Мальчик и девочка учились в разных группах и почти не виделись днем, зато по вечерам и выходным наступало их время – время бродить по окрестностям, держась за руки и выхаживая по склонам, полям и оврагам новое, почти уже взрослое чувство. Однажды они отправились в Чуфут-Кале – не по главной дороге, где туристские автобусы то и дело выплевывают очередные порции воскресных туристов, похожих не на истинных путников, а на докучных зевак, но с другой стороны – через крутой залесенный склон, прятавший в зарослях древнее караимское кладбище. По крутой тропе можно было вскарабкаться на плато, к дороге, возраст которой тянул на несколько тысяч лет, – к двум колеям, пробитым в известняке колесами; бог знает, что там ездило – арбы? телеги? – а теперь там и не ходил никто. Колеи не зарастали травой – ей почти не за что было зацепиться на плоской каменистой поверхности, там жили только лишайники – и пылало бирюзовое небо над головой. Дальше тянулась крепостная стена с узким круглым отверстием, расположенным довольно высоко, но, проявив ловкость, удавалось подтянуться и проскользнуть в него, слегка ободрав плечи, зато сразу оказаться внутри крепости, в ее дальнем углу, где никто не требует входных билетов и бессмысленные толпы зевак не распугивают сиреневых ящериц, впивающих тепло горячих плит. Мелкие колючие цветы скрашивают пустынное уныние пыльной травы, а звон насекомых настраивает слух на вечность. Если сидеть тут долго и неподвижно, воздух расщепляется на слои, тонкие, как годовые кольца, и в каждом происходит своя жизнь – смутное кино на выцветшей черно-белой пленке, а пространство наполняется движением и ощущением чужого присутствия. Мертвый город не удавалось достроить воображением, изъеденные основания разрушенных стен не превращались в здания, но жители возникали легко – то один, то другой проскальзывал мимо, обдавая слабым ветром, вроде бы даже лица удавалось разглядеть.

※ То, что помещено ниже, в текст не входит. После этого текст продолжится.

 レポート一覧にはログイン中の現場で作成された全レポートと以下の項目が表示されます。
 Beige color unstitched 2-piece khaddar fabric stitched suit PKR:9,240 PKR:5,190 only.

Мальчик и девочка не столько разговаривали, сколько молчали, растворяясь то в звуке, то в беззвучности, то в горячем цвете, то в линялой бесцветности, как бы пробуя и меняя настройку, высвечивая пейзаж с неожиданной стороны. Пожалуй, они первый раз делали это настолько вместе – новые ощущения радовали и пугали одновременно. Вокруг дышал ветер, дышали горы, дышали камни, двое вливались в ритм всеобъемлющего дыхания, и хотя каждый из них остро сознавал свою отдельность, оба подчинялись мерному колыханию, втягивающему, отнимающему волю, но дающему что-то большее взамен. Весь день они почти не касались друг друга, не считая взаимного проталкивания в дыру да поддержки на самых крутых участках горной тропинки, – но это случилось уже на обратной дороге.

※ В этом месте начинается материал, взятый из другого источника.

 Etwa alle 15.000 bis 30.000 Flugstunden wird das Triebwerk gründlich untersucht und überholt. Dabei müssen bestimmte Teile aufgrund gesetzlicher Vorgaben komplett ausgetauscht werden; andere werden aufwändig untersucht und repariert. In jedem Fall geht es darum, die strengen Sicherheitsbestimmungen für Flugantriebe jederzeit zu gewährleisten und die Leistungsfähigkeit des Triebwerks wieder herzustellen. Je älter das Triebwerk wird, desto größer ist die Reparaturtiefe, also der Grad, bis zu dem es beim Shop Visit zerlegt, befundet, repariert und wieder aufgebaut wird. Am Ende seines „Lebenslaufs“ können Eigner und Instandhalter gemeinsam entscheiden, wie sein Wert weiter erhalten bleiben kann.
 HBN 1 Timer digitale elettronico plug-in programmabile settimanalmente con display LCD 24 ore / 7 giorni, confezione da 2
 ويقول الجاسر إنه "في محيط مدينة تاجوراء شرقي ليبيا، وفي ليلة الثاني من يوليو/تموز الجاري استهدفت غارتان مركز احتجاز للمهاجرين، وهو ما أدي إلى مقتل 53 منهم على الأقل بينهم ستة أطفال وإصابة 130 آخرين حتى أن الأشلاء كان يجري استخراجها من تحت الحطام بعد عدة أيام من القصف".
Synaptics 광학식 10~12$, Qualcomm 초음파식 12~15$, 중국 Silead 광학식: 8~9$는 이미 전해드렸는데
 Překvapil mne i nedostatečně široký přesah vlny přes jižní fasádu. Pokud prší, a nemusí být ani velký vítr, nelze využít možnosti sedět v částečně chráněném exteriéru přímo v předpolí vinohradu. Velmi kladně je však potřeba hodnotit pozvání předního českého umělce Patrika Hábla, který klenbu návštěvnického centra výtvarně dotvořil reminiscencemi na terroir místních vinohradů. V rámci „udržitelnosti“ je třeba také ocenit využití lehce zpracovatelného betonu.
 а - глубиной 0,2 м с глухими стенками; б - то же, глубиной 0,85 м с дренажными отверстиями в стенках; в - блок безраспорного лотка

Заброшенное караимское кладбище выглядело хаотическим скоплением известняковых надгробий, сползших по склону и растерявших свой первоначальный строй. В том, что раньше строй присутствовал, можно было не сомневаться – слишком одинаковы были плиты с торчащими чалмообразными выступами, слишком легко эту геометрию удавалось экстраполировать до более высокого порядка. Впрочем, мох самых разных оттенков сглаживал углы каменных параллелепипедов, с веток свешивались плети плюща с рогатыми листочками, и казалось вполне вероятным, что никто здесь не проходил в последние лет сто – непонятно, откуда вообще взялась эта сумрачная тропа.
Девочка почему-то представила себя в античном венке из плюща, принялась рвать неподатливый стебель, почти вывернула с корнем – и тут опять этот запах, запах сыроватой земли, коснулся ноздрей. Вместе с запахом она вдохнула тревогу, почувствовала головокружение, подумала, что оно могло быть от сидения весь день на солнце, и опустилась на каменное надгробие, подобрав под себя исцарапанные ноги в грязных кедах. По холодноватой плите вились прихотливые надписи на давно умершем языке, в прорезях букв чернели лишайники.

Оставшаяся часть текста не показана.